Welcome to “INTERAC Flash Debit Cards”
This week the Royal Bank and Scotia Bank issued a joint press release announcing that in 2011, they plan to add an enhancement to consumers’ debit cards which will allow for contactless transactions. INTERAC Flash is being introduced into the market. The concept, instead of inserting or swiping the debit card and waiting to key in a PIN number, the customer simply flashes their card in front of a reader, the transaction is captured and debited from their bank account and the customer can walk away with their purchase.
But contactless transactions are not new to the market. Both MasterCard and Visa introduced their contactless product, PayPass and PayWave respectively with limited success. While these products can be found in a handful of major merchants across the country, contactless is still far from being the norm, the opposite of countries in Asia and Europe where contactless has been prevalent for several years and expected at most merchants.
Contactless Payment Solution Benefits
As a merchant, the benefits can be big. Debit transactions are historically thought to take longer than credit or cash transactions because of the need for entering a PIN number. The elimination of a PIN entry will increase the speed of thru put at the cash register which will move the customers through the line much quicker. Also, if the hypothesis that these Flash transactions will cannibalize cash transactions, it will reduce the costs associated with cash handling. It will lower the risk of fraud activity since there is no PIN number entered and therefore possibly make the merchant less of a target for compromised pinpads. Plus, it’s some pretty cool technology.
Security – How Secure is This Payment Solution?
As a consumer, the question of security will arise. If you don’t need my PIN to complete the transaction, how do I prevent someone from stealing my card and emptying my bank account? Cardholder security and fraud mitigation is top of mind for the big banks. Therefore per transaction limits will be set, likely around $50 per transaction to fall in line with the current transaction limits set by other contactless brands. Also, there will be a limit to the number of consecutive transactions allowed, meaning the card will only allow for a certain number of transaction to be processed before requiring that the next transaction be PIN authorized. And finally, INTERAC contactless transactions will follow their contact transaction counterpart in adopting the zero liability policy for their cardholders. Cardholders will be able to report lost or stolen cards to their financial institution and are offered protection against transactions they did not authorize.
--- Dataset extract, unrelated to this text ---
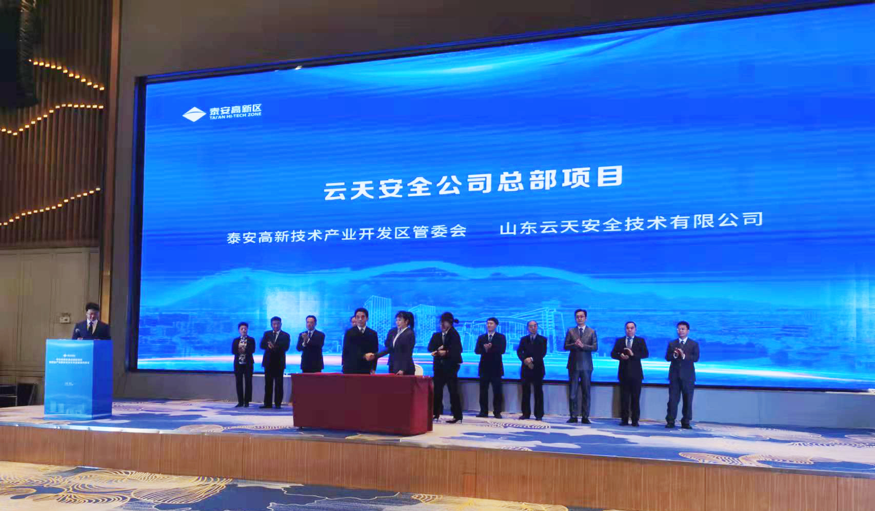泰安市委书记杨洪涛,市委常委、秘书长李灿玉,市委常委、副市长宋洪银,副市长张颖,高新区党工委书记、管委会主任刘斌,鲁信科技股份有限公司副总经理曹年更,浙江一亿中流有限公司董事长刘海峰,澳门太阳城app董事长李峰以及公司高管出席签约仪式。

So how does a merchant sign up for a INTERAC Flash processing?
The first step is to ensure your point of sale is contactless enabled. A contactless reader will be required and perhaps some upgrades to your point of sale terminal. All questions can be answered by the Acquirer.
Payment Processing in Canada will go through some major changes over the next decade. While our mobile phones are not yet contactless enabled, you can bet that it’s not far off in the future before that happens. It’s an exciting time to be invovled in payment processing!